EXERCISE: Write out exactly, and only, the lines below from the line with "A 5-bedroom, 3-bathroom" through the line with "校友企业招聘会暨教育培训行业专场招聘会在李达三外语楼大厅举行,做爱"; pictures do not belong in the copy.
TASK MATERIAL: Begin
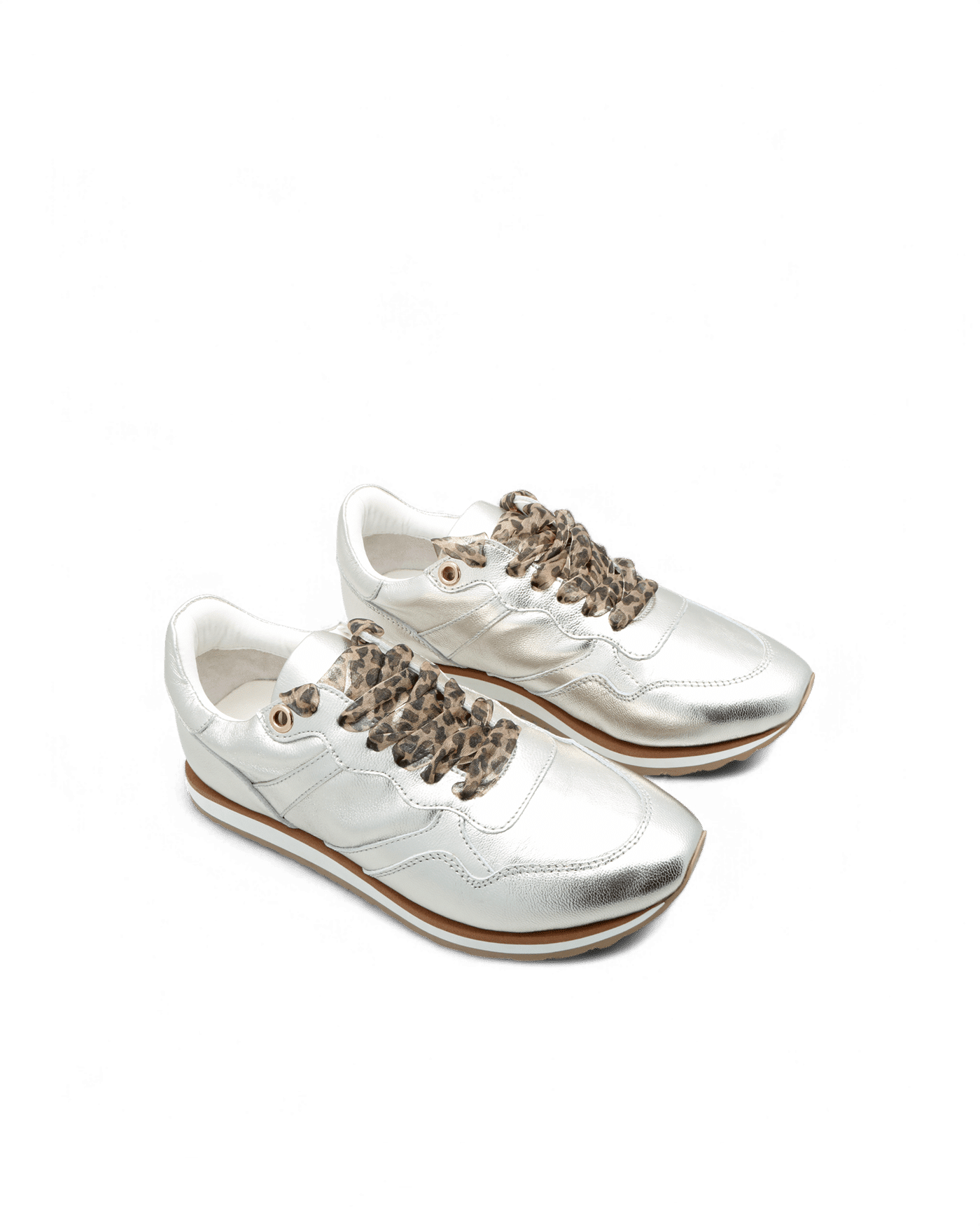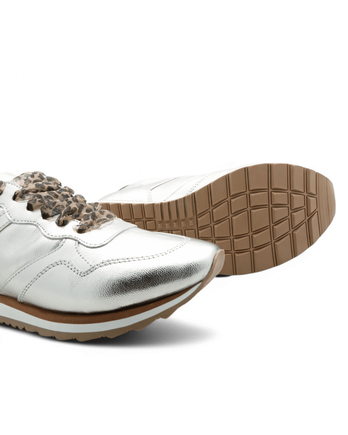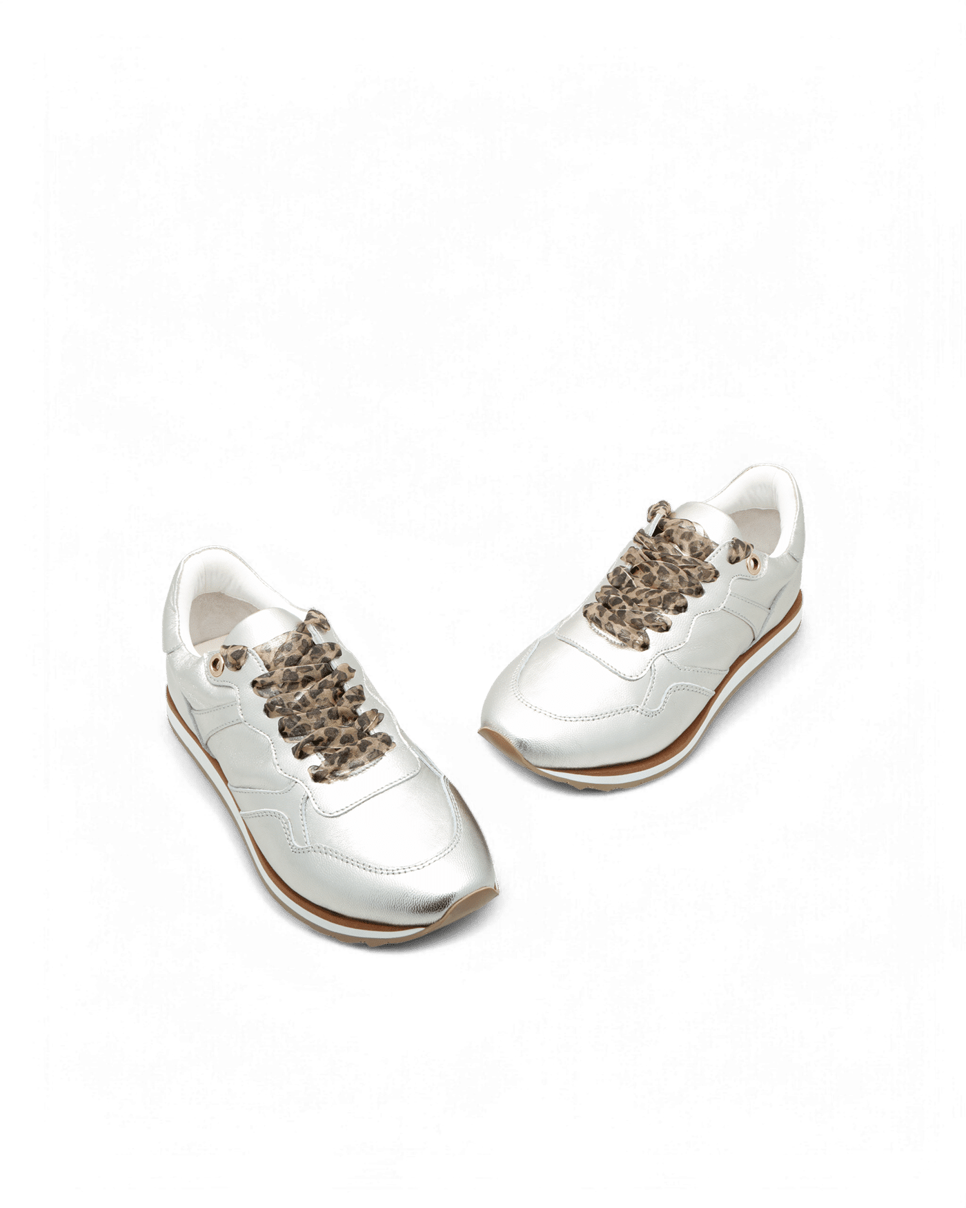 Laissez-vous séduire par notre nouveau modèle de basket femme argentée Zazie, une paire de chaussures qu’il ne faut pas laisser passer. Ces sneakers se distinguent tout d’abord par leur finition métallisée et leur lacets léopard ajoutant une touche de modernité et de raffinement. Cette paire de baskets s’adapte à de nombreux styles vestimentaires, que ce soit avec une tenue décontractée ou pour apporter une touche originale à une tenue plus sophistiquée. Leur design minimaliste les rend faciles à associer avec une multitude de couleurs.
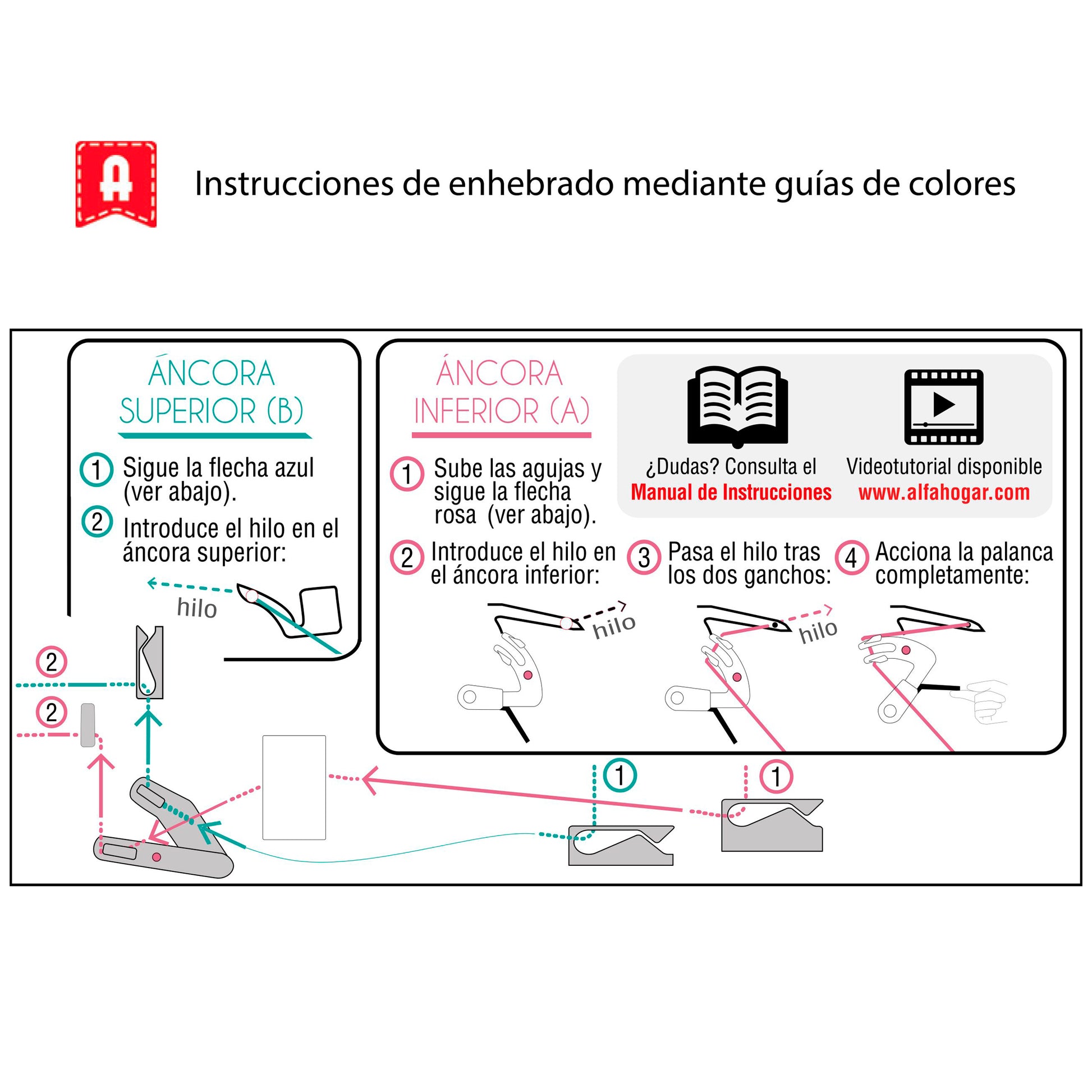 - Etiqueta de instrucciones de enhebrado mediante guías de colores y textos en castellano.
TASK MATERIAL: End
TASK MATERIAL: Begin
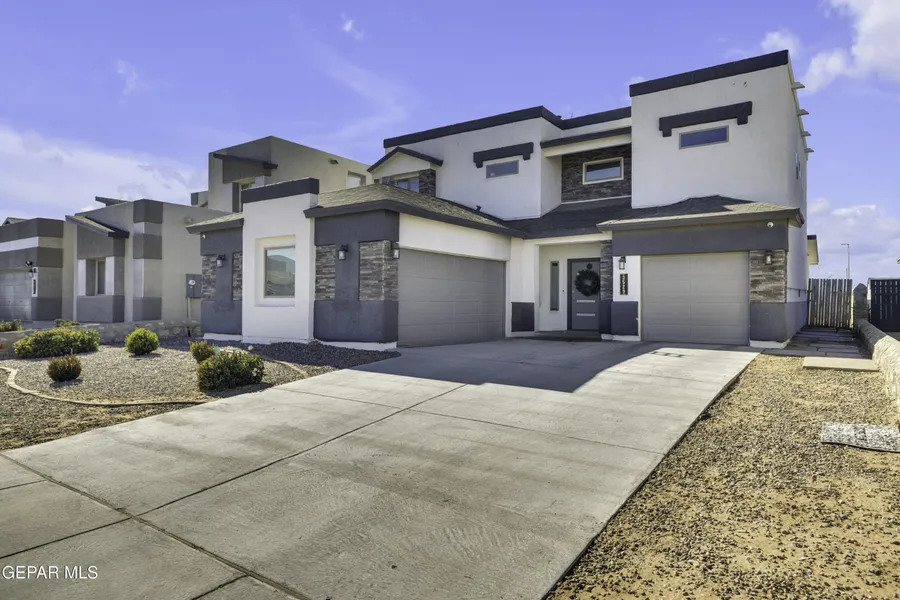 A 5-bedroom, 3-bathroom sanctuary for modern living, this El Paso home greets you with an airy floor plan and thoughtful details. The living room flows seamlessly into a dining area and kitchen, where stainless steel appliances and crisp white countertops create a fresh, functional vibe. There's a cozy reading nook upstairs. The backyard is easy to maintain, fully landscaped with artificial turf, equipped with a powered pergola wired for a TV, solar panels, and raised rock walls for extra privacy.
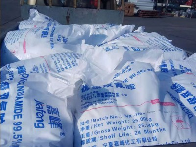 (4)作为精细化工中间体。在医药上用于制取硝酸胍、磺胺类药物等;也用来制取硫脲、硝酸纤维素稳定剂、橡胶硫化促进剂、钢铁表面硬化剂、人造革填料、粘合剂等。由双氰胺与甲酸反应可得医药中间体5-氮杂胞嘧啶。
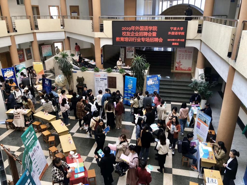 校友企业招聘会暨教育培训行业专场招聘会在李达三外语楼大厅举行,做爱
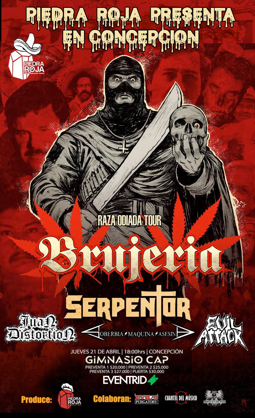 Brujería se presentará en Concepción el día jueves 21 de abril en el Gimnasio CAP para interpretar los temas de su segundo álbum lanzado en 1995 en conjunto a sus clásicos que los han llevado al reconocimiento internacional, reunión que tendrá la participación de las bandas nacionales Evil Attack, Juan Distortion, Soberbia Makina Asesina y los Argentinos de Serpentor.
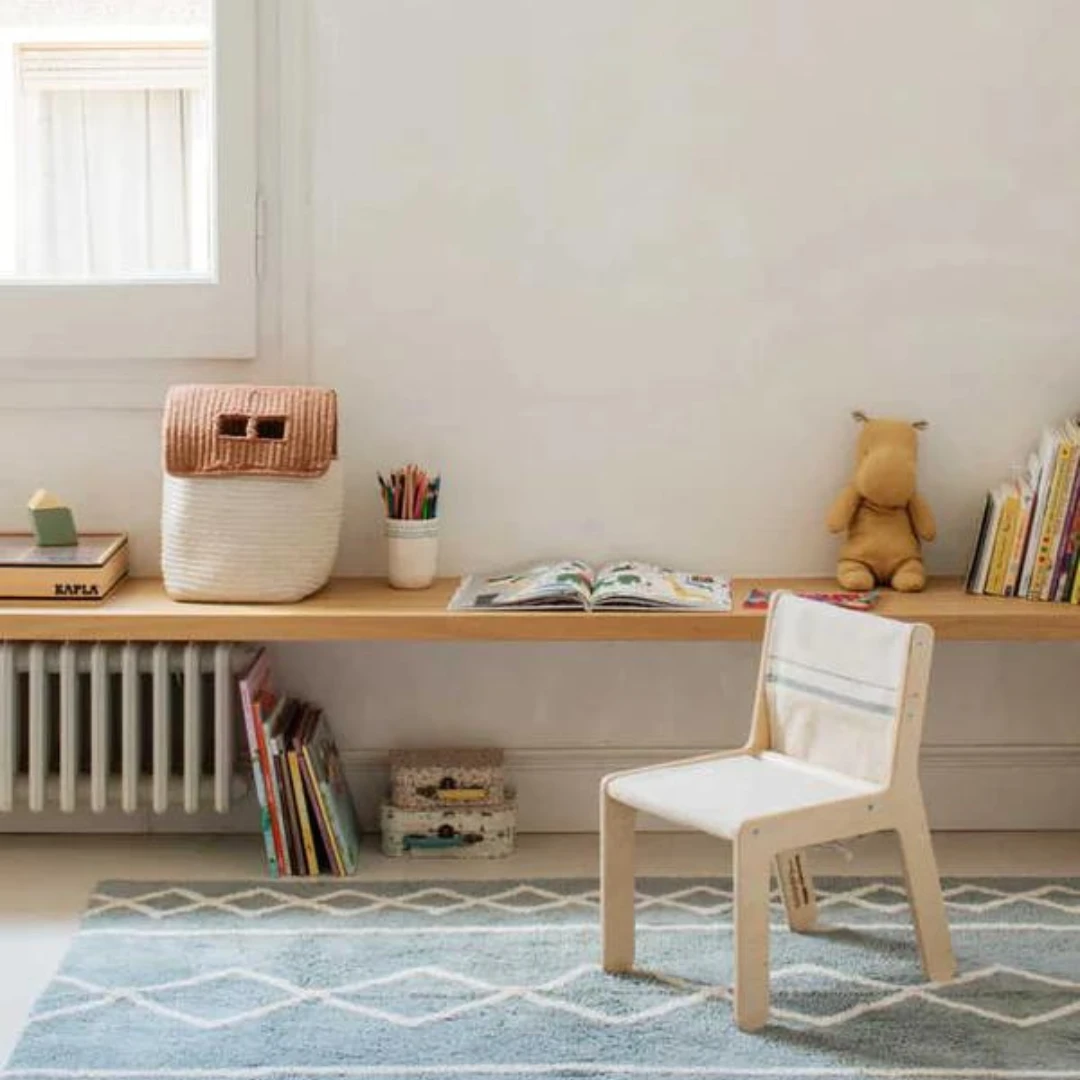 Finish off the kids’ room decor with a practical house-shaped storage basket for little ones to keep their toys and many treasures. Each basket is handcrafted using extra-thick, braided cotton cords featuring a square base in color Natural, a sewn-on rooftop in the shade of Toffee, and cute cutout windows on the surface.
TASK MATERIAL: End
TASK MATERIAL: Begin
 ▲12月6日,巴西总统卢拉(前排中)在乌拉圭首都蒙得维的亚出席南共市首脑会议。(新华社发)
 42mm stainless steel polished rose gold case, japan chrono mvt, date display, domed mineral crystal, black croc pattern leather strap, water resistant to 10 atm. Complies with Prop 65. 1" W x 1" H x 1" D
TASK MATERIAL: End
OUTPUT BELOW:
 A 5-bedroom, 3-bathroom sanctuary for modern living, this El Paso home greets you with an airy floor plan and thoughtful details. The living room flows seamlessly into a dining area and kitchen, where stainless steel appliances and crisp white countertops create a fresh, functional vibe. There's a cozy reading nook upstairs. The backyard is easy to maintain, fully landscaped with artificial turf, equipped with a powered pergola wired for a TV, solar panels, and raised rock walls for extra privacy.
 (4)作为精细化工中间体。在医药上用于制取硝酸胍、磺胺类药物等;也用来制取硫脲、硝酸纤维素稳定剂、橡胶硫化促进剂、钢铁表面硬化剂、人造革填料、粘合剂等。由双氰胺与甲酸反应可得医药中间体5-氮杂胞嘧啶。
 校友企业招聘会暨教育培训行业专场招聘会在李达三外语楼大厅举行,做爱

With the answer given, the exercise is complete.